They joy of replacing a local disk with SVM
We still have some old Sun Fire V245 server here and I had the pleasure to replace a failed disk today.
The server is still running Solaris 10 and using SVM to mirror the root disks.
What's the failed disk in question?
# iostat -En c0t0d0 Soft Errors: 3039 Hard Errors: 75 Transport Errors: 14 Vendor: FUJITSU Product: MAY2073RCSUN72G Revision: 0501 Serial No: xxxxxxxxxx Size: 73.41GB <73407865856 bytes> Media Error: 64 Device Not Ready: 0 No Device: 11 Recoverable: 3039 Illegal Request: 2 Predictive Failure Analysis: 12
Nasty, let's configure it out.
# disk=c0t0d0 # metastat -p > /etc/lvm/md.tab # grep $disk /etc/lvm/md.tab d21 1 1 c0t0d0s1 d11 1 1 c0t0d0s0 # metadetach d10 d11 d10: submirror d11 is detached # metadetach d20 d21 metadetach: solaris: d20: attempt an operation on a submirror that has erred components
Ooops, I hope the force is still with me...
# metastat d20 d20: Mirror Submirror 0: d21 State: Needs maintenance Submirror 1: d22 State: Okay ... # metadetach -f d20 d21 d20: submirror d21 is detached
I had such anger, but it's all good now. Let's continue.
# metaclear d11 d11: Concat/Stripe is cleared # metaclear d21 d11: Concat/Stripe is cleared ... # metadb | grep $disk a m p luo 16 8192 /dev/dsk/c0t0d0s7 a p luo 8208 8192 /dev/dsk/c0t0d0s7 a p luo 16400 8192 /dev/dsk/c0t0d0s7 # metadb -d ${disk}s7 # cfgadm -al | grep $disk c0::dsk/c0t0d0 disk connected configured unknown # cfgadm -c unconfigure c0::dsk/c0t0d0
Now we can physically replace the failed disk.

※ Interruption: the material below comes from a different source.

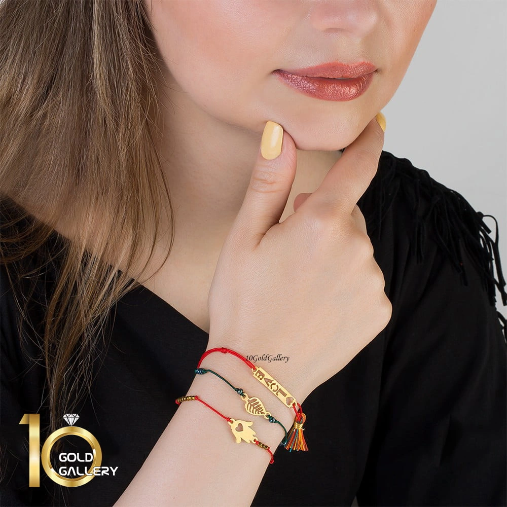 دستبند سنگ و بافت زنانه با پلاک طلا طرح برگ کد XB980

# tail -f /var/adm/messages ... May 23 12:30:20 solaris genunix: [ID 408114 kern.info] /pci@1e,600000/pci@0/pci@a/pci@0/pci@8/scsi@1/sd@0,0 (sd0) offline May 23 12:30:27 solaris scsi: [ID 107833 kern.warning] WARNING: /pci@1e,600000/pci@0/pci@a/pci@0/pci@8/scsi@1 (mpt0): May 23 12:30:27 solaris mpt_handle_event_sync : SAS target 0 added. May 23 12:30:27 solaris scsi: [ID 583861 kern.info] sd0 at mpt0: unit-address 0,0: target 0 lun 0 May 23 12:30:27 solaris genunix: [ID 936769 kern.info] sd0 is /pci@1e,600000/pci@0/pci@a/pci@0/pci@8/scsi@1/sd@0,0 May 23 12:30:28 solaris scsi: [ID 107833 kern.warning] WARNING: /pci@1e,600000/pci@0/pci@a/pci@0/pci@8/scsi@1/sd@0,0 (sd0): May 23 12:30:28 solaris Corrupt label - label checksum failed May 23 12:30:28 solaris genunix: [ID 408114 kern.info] /pci@1e,600000/pci@0/pci@a/pci@0/pci@8/scsi@1/sd@0,0 (sd0) online
Alright, let's configure the new disk in.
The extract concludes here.